(Task requirements)
Reproduce the material below only from the line with "H7 전구는 차량의 전조등(로우빔, 하이빔)에" to the line with "Retirez les feuilles", both included, keeping each line exact and dropping the pictures.

(Information supplied)
__________

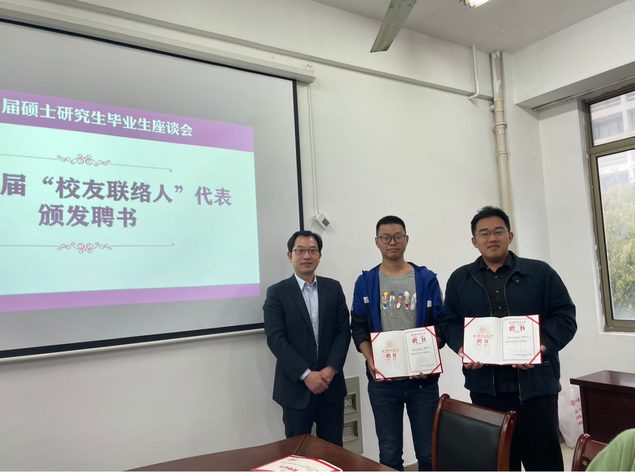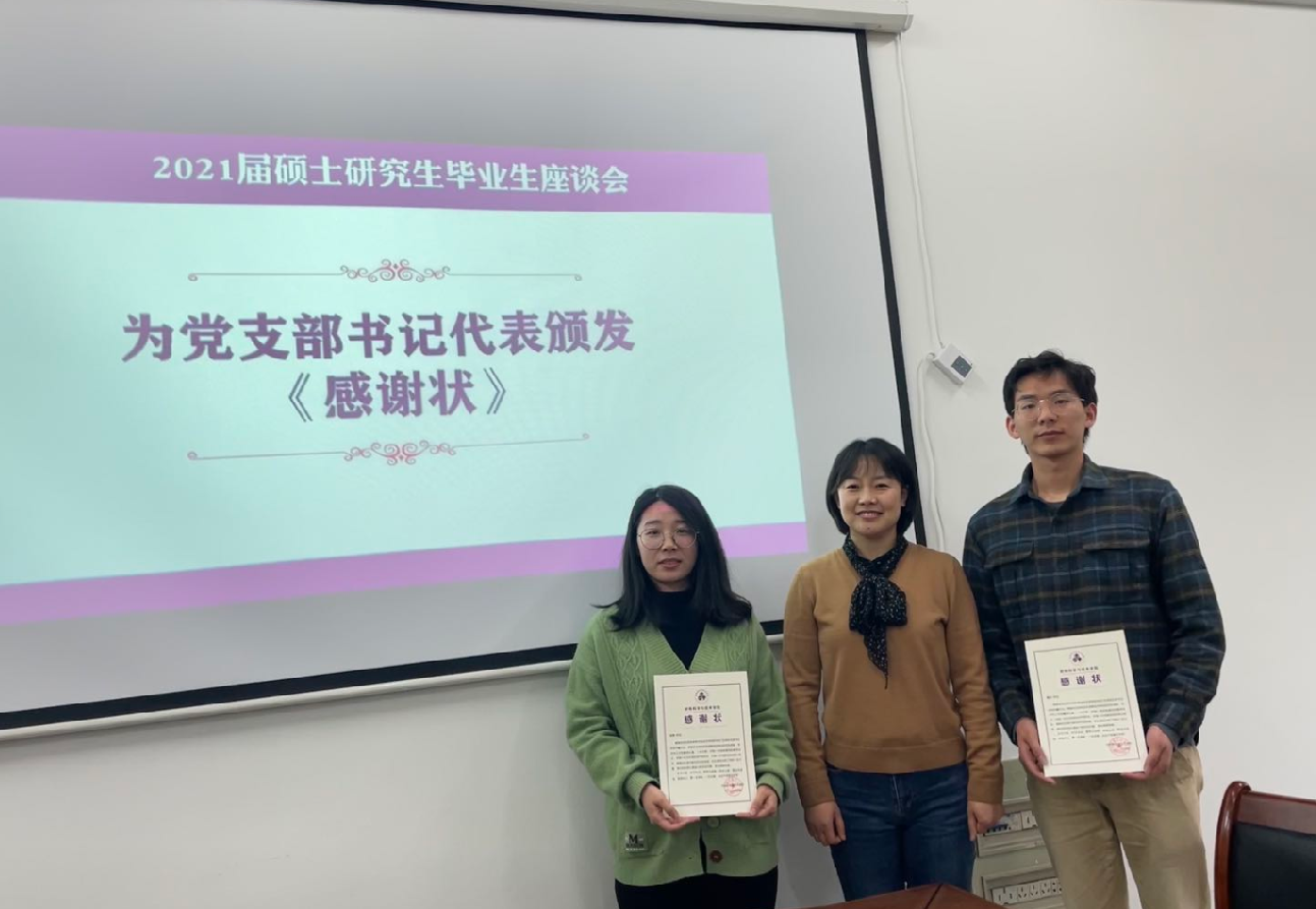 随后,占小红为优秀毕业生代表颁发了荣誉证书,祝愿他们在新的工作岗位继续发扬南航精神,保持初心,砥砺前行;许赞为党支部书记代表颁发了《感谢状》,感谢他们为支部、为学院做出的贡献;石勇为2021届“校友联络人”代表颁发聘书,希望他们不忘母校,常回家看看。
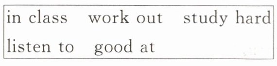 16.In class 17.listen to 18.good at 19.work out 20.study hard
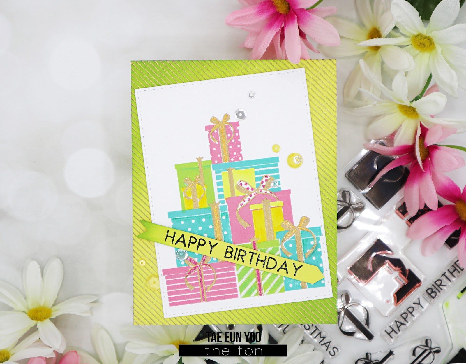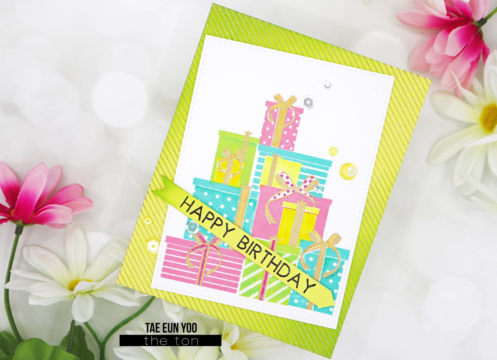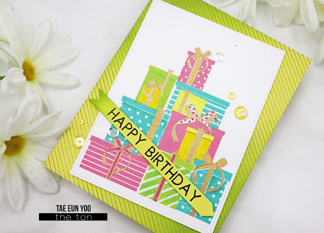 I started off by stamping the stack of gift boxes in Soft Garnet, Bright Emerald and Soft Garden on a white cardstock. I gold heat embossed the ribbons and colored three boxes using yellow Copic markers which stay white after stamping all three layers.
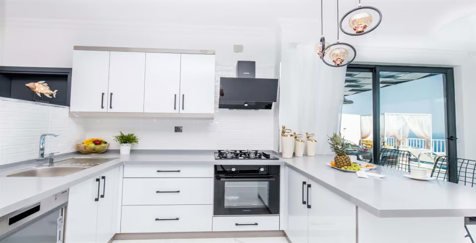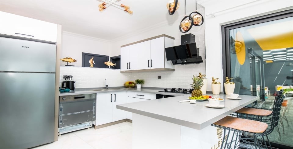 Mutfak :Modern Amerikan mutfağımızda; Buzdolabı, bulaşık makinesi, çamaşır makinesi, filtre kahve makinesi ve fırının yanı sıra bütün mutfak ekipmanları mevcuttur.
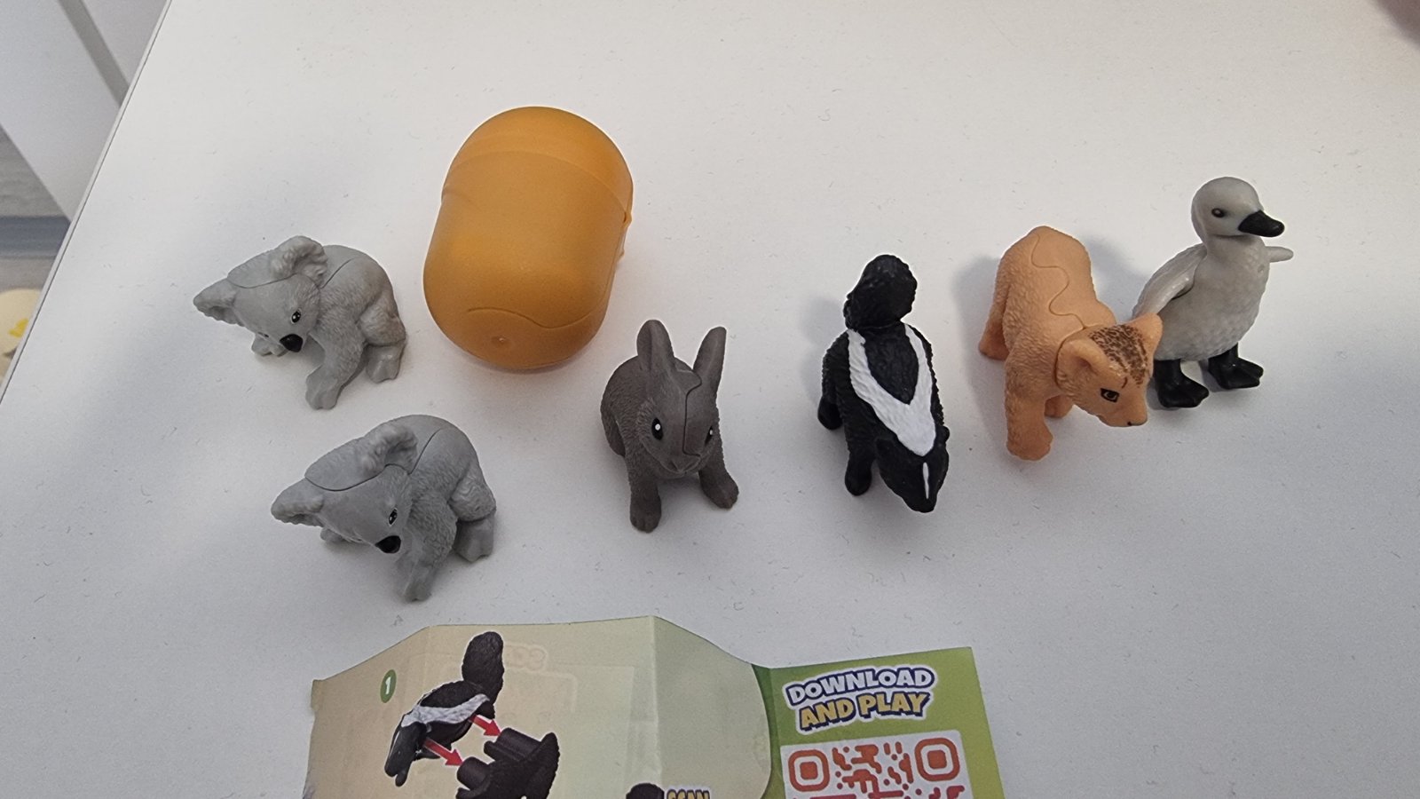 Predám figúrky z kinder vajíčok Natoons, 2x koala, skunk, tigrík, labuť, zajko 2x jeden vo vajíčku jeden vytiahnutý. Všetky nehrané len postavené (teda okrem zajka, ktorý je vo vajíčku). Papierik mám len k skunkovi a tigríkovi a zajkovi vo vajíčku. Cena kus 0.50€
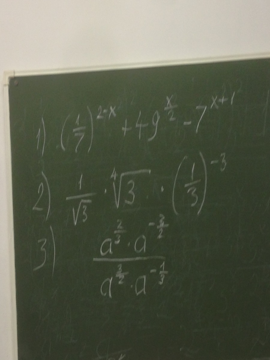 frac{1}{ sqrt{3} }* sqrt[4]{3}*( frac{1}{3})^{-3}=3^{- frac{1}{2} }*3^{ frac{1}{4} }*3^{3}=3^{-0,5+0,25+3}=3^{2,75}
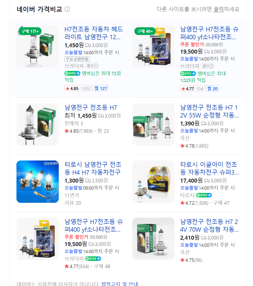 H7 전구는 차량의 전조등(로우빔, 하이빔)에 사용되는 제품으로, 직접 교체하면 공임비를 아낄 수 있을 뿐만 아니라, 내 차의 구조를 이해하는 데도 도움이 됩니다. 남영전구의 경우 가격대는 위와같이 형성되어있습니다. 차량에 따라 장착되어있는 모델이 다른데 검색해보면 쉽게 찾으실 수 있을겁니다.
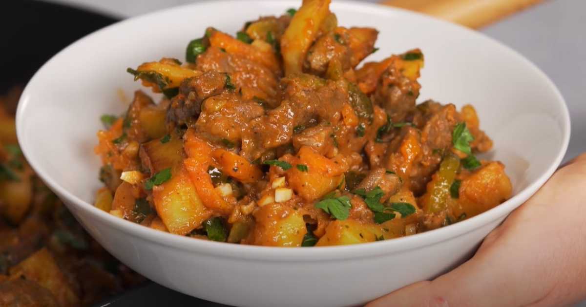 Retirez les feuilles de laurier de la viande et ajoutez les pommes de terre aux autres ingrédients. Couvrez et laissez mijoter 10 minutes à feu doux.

__________

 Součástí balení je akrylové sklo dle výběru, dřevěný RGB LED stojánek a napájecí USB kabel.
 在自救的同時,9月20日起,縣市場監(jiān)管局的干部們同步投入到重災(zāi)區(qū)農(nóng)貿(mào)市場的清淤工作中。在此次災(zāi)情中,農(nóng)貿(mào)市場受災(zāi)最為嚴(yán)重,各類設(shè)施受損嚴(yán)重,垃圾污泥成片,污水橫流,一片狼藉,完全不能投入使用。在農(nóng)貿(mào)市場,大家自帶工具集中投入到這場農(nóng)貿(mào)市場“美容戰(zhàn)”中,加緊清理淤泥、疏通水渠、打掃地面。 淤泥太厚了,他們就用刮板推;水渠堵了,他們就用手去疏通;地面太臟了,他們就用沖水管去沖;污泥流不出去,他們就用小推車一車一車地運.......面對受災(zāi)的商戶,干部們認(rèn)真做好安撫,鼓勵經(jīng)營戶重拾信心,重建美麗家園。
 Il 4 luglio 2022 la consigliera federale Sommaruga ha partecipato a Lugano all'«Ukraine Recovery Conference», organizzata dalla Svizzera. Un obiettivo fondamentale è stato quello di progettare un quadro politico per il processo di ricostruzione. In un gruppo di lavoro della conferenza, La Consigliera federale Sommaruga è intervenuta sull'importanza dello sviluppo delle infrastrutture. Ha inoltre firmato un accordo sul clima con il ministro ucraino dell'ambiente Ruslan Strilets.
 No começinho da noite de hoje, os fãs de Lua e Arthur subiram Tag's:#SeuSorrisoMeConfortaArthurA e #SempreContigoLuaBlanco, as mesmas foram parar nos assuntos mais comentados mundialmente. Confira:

__________

(Finished task)
 H7 전구는 차량의 전조등(로우빔, 하이빔)에 사용되는 제품으로, 직접 교체하면 공임비를 아낄 수 있을 뿐만 아니라, 내 차의 구조를 이해하는 데도 도움이 됩니다. 남영전구의 경우 가격대는 위와같이 형성되어있습니다. 차량에 따라 장착되어있는 모델이 다른데 검색해보면 쉽게 찾으실 수 있을겁니다.
 Retirez les feuilles de laurier de la viande et ajoutez les pommes de terre aux autres ingrédients. Couvrez et laissez mijoter 10 minutes à feu doux.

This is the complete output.